Wednesday, September 01, 2004

The Tricks of Shopping

It came to my attention late Monday night that I was completely without the essentials of food. Thus it was at 9:30 at night that I braved the wilderness of the West Village to forage for something to keep me alive for a few more days. Specifically, I needed: One (1) Gallon of Milk, One (1) Loaf of Bread, One (1) Jar of Pickles.

This would be the story of how I went out on a three item quest and ended up spending 30 dollars and returning with 9 lbs of ribs and no milk, but it is an intricate and complex story that I don't have the patience for.

Okay, nevermind, I've distilled the essence of it exactly: Jason has poor impulse control and buys everything in the store that looks tasty, but has no memory and forgets what he came for. The end.

As someone once said, it's very difficult to become a novelist when you're as good at getting to the point as I am.

I will, however, present a list of important things I learned on this adventure.
In no particular order:

  • Don't mess with the Produce Lady, because she will totally cut you.
  • If you get a cart with uneven wheels, exchange it immediately, or you may lose control of it at an inopportune time and crash into a huge display of tuna and make a whole bunch of noise and cause people to stare.
  • When a girl gives you a look that one generally reserves for shockingly dressed whores, before you give her a piece of your mind check your clothing to see if she may have a point about the inappropriate nature of your clothes.
  • And coming from above...Always check what you are wearing before you leave the house to make sure, a) there are no large holes in your shorts that reveal too much information about yourself and b) that the shirt you are wearing is not so small that when you reach for something on the top shelf you expose your entire torso.

(Jason's Painful Realization of the Night: "Dear God, I'm dressed like a
man-whore in Albertsons at 10:00 at night.")

(Jason's Second Thought: "Do they kick whores out of the store?" [girl walks by] "Oh, I guess not.")

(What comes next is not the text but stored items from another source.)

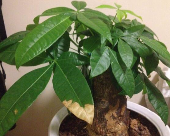 4、发财树经常会有一些黄叶,所以我们要及时将这些黄叶剪除。但是可能会有人担心对于发财树生长受到影响,其实将这些叶子剪除对于植株没有任何影响,反而会萌发出新的健康枝叶。
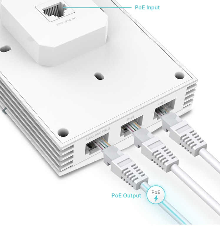 Для конференц-залів, гнучких робочих просторів або навіть готельних люксів EAP615-Wall від TP-Link пропонує чудове мережеве рішення для економії місця. Ця маленька настінна точка доступу доступна за ціною та пропонує дводіапазонний Wi-Fi 6 разом із 4 мережевими портами Gigabit Ethernet, один із яких підтримує PoE out для живлення таких пристроїв, як IP-телефони чи відеокамери. Усі порти Ethernet є гігабітними, а задній – порт PoE In, який живить TP-Link EAP615-Wall. Майте на увазі, що вхідний порт PoE потребує пристрою PoE+ (комутатора або адаптера), щоб забезпечити додаткове живлення пристрою PoE 802.3af, оскільки вихідна потужність може досягати лише 13 Вт.
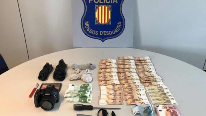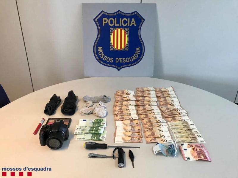Els mossos van escorcollar els dos homes i el seu vehicle i van localitzar-los 2.390 euros en efectiu, una càmera de fotos, maquillatge i diversos objectes susceptibles de ser utilitzats per a cometre robatoris amb força a interior de vehicle com són un tornavís de punta plana, una lot, guants i una clau de ferro. Els detinguts van passar divendres a disposició judicial i van quedar en llibertat amb càrrecs.
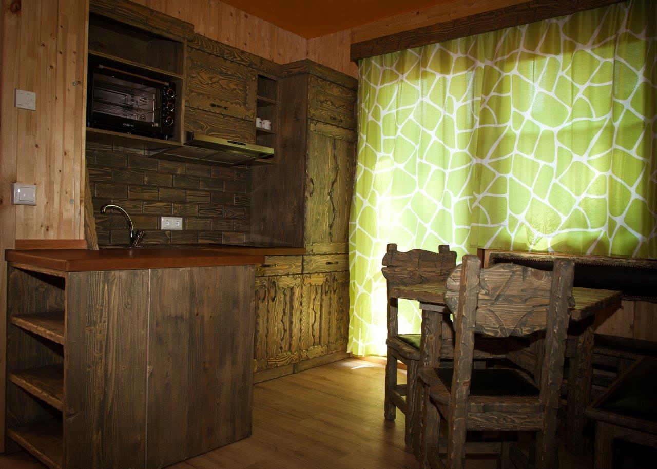 Im Baumhaus Neandertal können bis zu 6 Personen drinnen schlafen. Dieses ist mit 2 getrennten Schlafzimmern (1x Doppelbett und 2x Stockbett), einer handgeschlitzten Küche, einem Badezimmer mit WC, Dusche und Waschbecken sowie einem TV, einer Sitzecke, einer Außenterrasse und einem Lift ausgestattet und befindet sich direkt neben dem Dino-Restaurant.
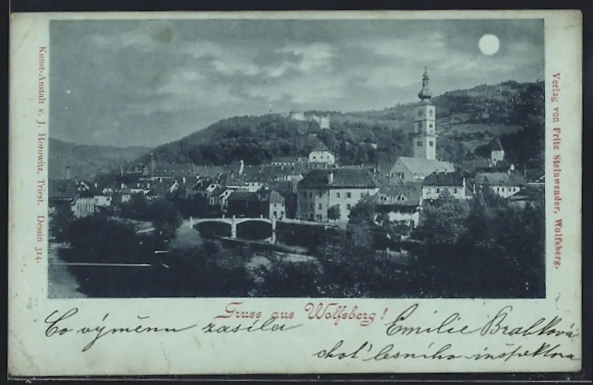 Mondschein-AK Wolfsberg /Kärnten, Teilansicht mit KIrche

  • When you are in the checkout line (apparently dressed like a whore) and see someone from your badminton class last semester, hide behind the impulse items to avoid a very painful conversation that ends with the line "Well, it looks like you ended up doing okay for yourself."
(Jason's Internal Conversation: "Exactly how should I take that? As a
compliment, obviously. But I think he just assumed I was a prostitute. But a good one. Shut up.")

All these lessons brought to you as a Public Service Announcement. May you always have healthy, happy, and solicitation-free grocery runs.

1 comment:

Anonymous said...

(from Frank)

Jason you can totally a whore. Why try and hide it? Be proud to what you are! keep yo chin up--not too high. People night think that you're insane as well as trashy.